• **WHAT THE EXERCISE ASKS**
Once you find the line below that has "目前威海市境内只有荣青城际一", output it and every line after it exactly, stopping after the line that has "En voyage au", with no pictures.

• **EXTRACTED ENTRIES**
====================

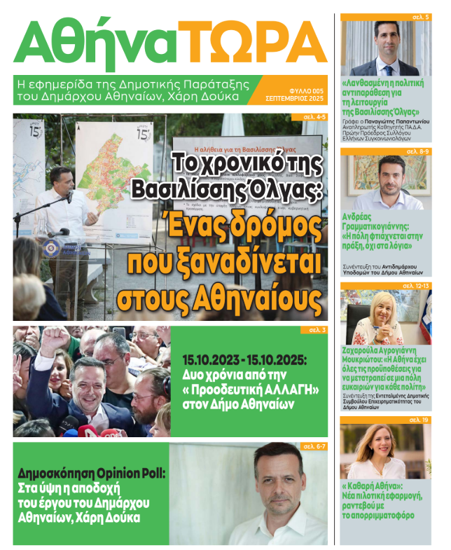 Στις σελίδες της εφημερίδας θα διαβάσετε για την ιστορική απόφαση του Δημάρχου Χάρη Δούκα να επιστρέψει η Βασιλίσσης Όλγας στους πολίτες, για τα έργα που αλλάζουν την καθημερινότητα, για τη ραγδαία άνοδο της αποδοχής του έργου του Δημάρχου, αλλά και για το όραμα μιας Αθήνας που ανήκει σε όλους.
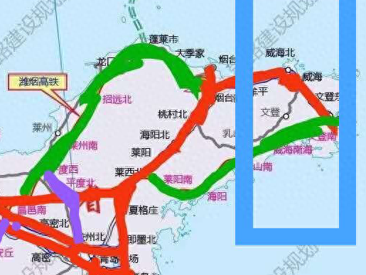目前威海市境内只有荣青城际一条高铁线路开通,但是沿着这条高铁可以让威海沿线到达烟台市之后南下青岛,或者是经过青荣城际转到青济高铁线上,然后经过济南到达全国各地城市。从下图可以看出威海市的大致高铁方向,注意想看详细的路线要看国家发布的,下图仅仅表示大致方向,不代表实际为位置。(红色是已通高铁线路,紫色是待建设的高铁线路)
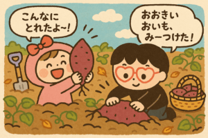 持ち帰ったお芋を嬉しそうに眺める子どもたちの笑顔が、今日の曇り空を吹き飛ばしてくれた一日でした。
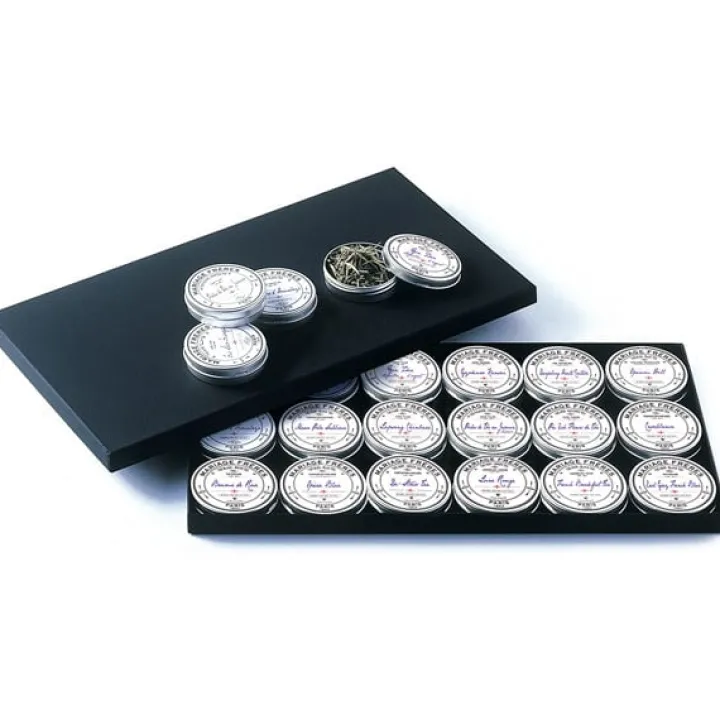 En voyage au bout du monde pour y dénicher les meilleurs crus de thé, ou en visite chez ses prestigieux clients pour leur faire découvrir ses joyaux, Henri Mariage emportait toujours avec lui un de ses magnifiques coffrets de dégustation – dont un exemplaire est exposé dans le Musée du Thé de la Maison historique, au 30 rue du Bourg-Tibourg à Paris dans le Marais.
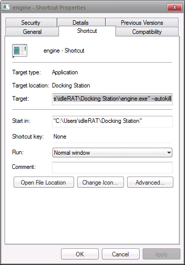 Only it'll link to your file instead of mine ^^ Note the space between " and the --autokill , it needs to be there. Hit apply and okay and every time you launch the game via that shortcut, autokill will be enabled. If you want to change it back, just remove the space and the --autokill, hit apply and ok and it'll be back to normal.
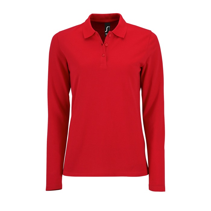 Polo piqué para mujer de manga larga, fabricado en 100% algodón piqué peinado de 180 gramos. El cuello de canalé 1x1 y la tapeta de 3 botones aportan un toque clásico y elegante, mientras que el corte entallado asegura un ajuste favorecedor. La cinta en el interior del cuello añade un acabado limpio y profesional. Certificado OEKO-TEX®, garantiza la ausencia de sustancias nocivas. Disponible exclusivamente con impresión, ideal para personalizar con el logotipo de tu empresa. Perfecto para uniformes corporativos o eventos promocionales, ofreciendo comodidad y estilo a tus colaboradoras. Servicio Express disponible para pedidos urgentes.
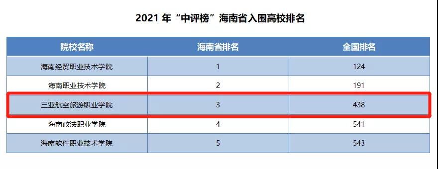 近日,“金平果排行榜”(中评榜)整理发布了2021中国高职院校竞争力排行800强名单,海南地区共5所高职院校榜上有名,我校位列海南省第3名!
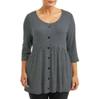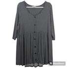 Terra & Sky Women's Plus Size Geo Print Babydoll Button Front Tunic Size 1X Give your wardrobe an instant update with Terra & Sky's Plus Size babydoll tunic top. This top is soft to the touch and will keep you cozy without feeling restrictive. A set of front buttons and a scoopneckline completes the look, while the tunic-length makes it perfect to wear over leggings and tights. Flaunt your curves in outfits designed to take you everywhere. Scoop Neck 3/4 Length Sleeve Button Front Gently worn light wash wear approximate measurements pit to pit 22" length 30"
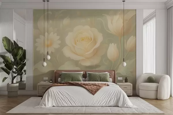 Фотошпалери Делікатна вінтажна композиція з бежевими трояндами на світло-зеленому тлі w09499
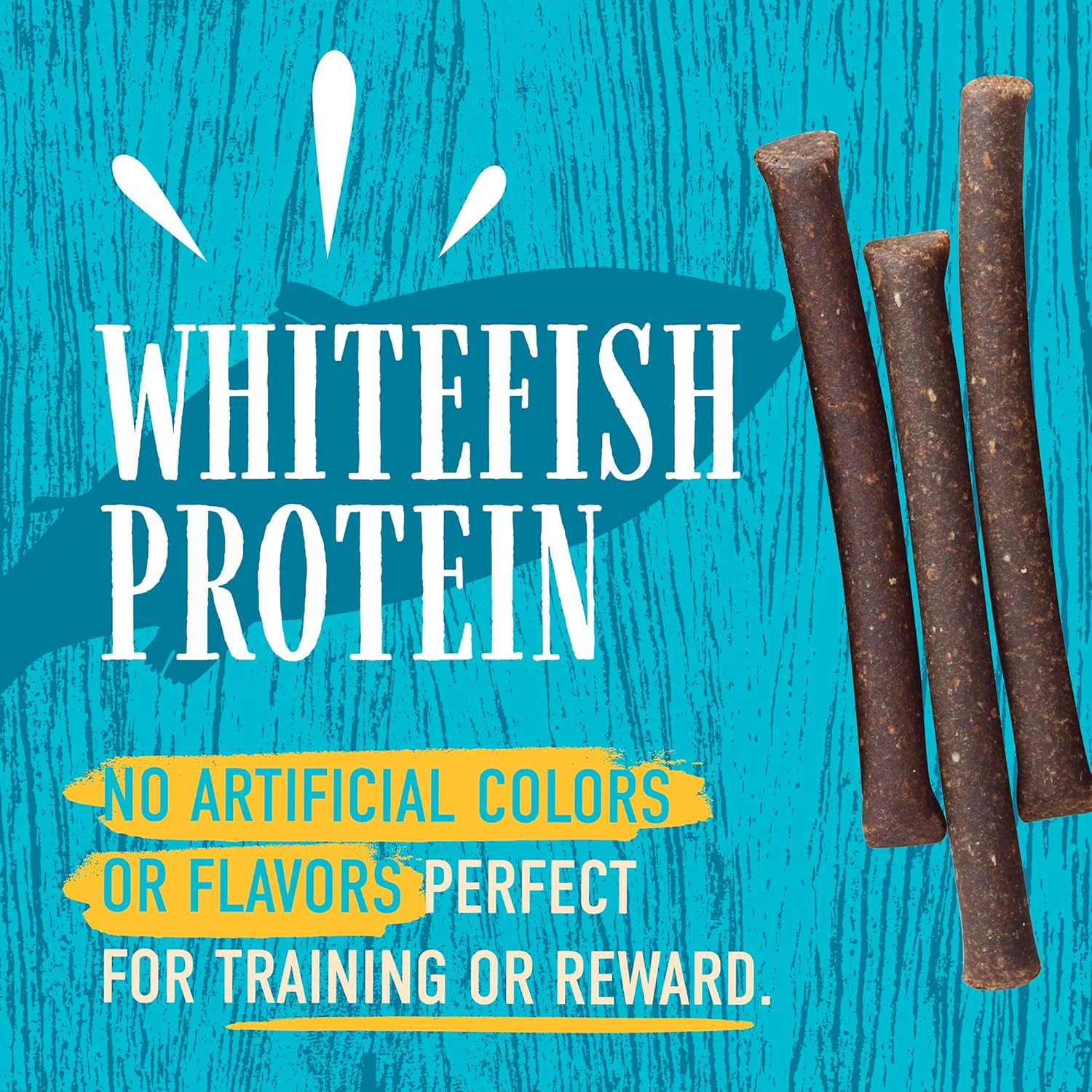 Delicious, grain- and gluten-free jerky sticks made with wild-caught Pacific Whiting Meal--the #1 ingredient and packed with high-quality protein and balanced Omega fatty acids to support your dog's muscles, skin, and coat. Made in the USA in state-of-the-art kitchens, these chewy treats are perfect for training or everyday rewards.
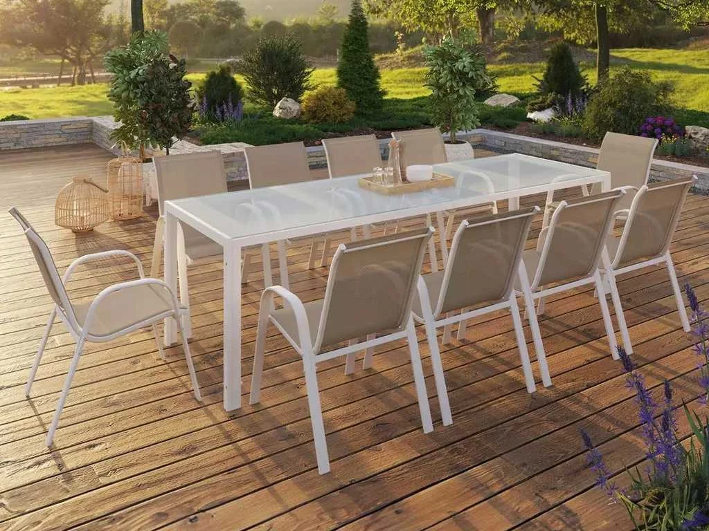 Technische beschrijving Afmetingen stoel: Totale afmetingen: (L) 51,5 x (B) 68 x (H) 84 cm Afmetingen armleuning: (B) 4,2 x (H) 58,5 cm x (E) 13 mm Afmetingen zitting: (L) 42 x (B) 45 x (H) 41,5 cm Rugleuning: (B) 42 x (H) 47 cm Materialen: Stalen structuur / Textileen voor de zitting Kleur: Witte structuur en beige textileen Zelf in elkaar zetten Hardware inbegrepen: Ja Non
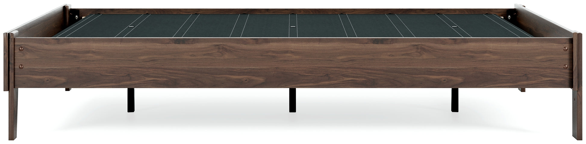 At the intersection of classic cool and chic sophistication you’ll find this queen platform bed. The rich brown finish over replicated walnut wood grain offers an authentic touch that plays well any way you style it. Minimal yet elegant in its design, this bed keeps your home decor grounded while elevating your modern style.

====================

• **ANSWER TO THE EXERCISE**
目前威海市境内只有荣青城际一条高铁线路开通,但是沿着这条高铁可以让威海沿线到达烟台市之后南下青岛,或者是经过青荣城际转到青济高铁线上,然后经过济南到达全国各地城市。从下图可以看出威海市的大致高铁方向,注意想看详细的路线要看国家发布的,下图仅仅表示大致方向,不代表实际为位置。(红色是已通高铁线路,紫色是待建设的高铁线路)
 持ち帰ったお芋を嬉しそうに眺める子どもたちの笑顔が、今日の曇り空を吹き飛ばしてくれた一日でした。
 En voyage au bout du monde pour y dénicher les meilleurs crus de thé, ou en visite chez ses prestigieux clients pour leur faire découvrir ses joyaux, Henri Mariage emportait toujours avec lui un de ses magnifiques coffrets de dégustation – dont un exemplaire est exposé dans le Musée du Thé de la Maison historique, au 30 rue du Bourg-Tibourg à Paris dans le Marais.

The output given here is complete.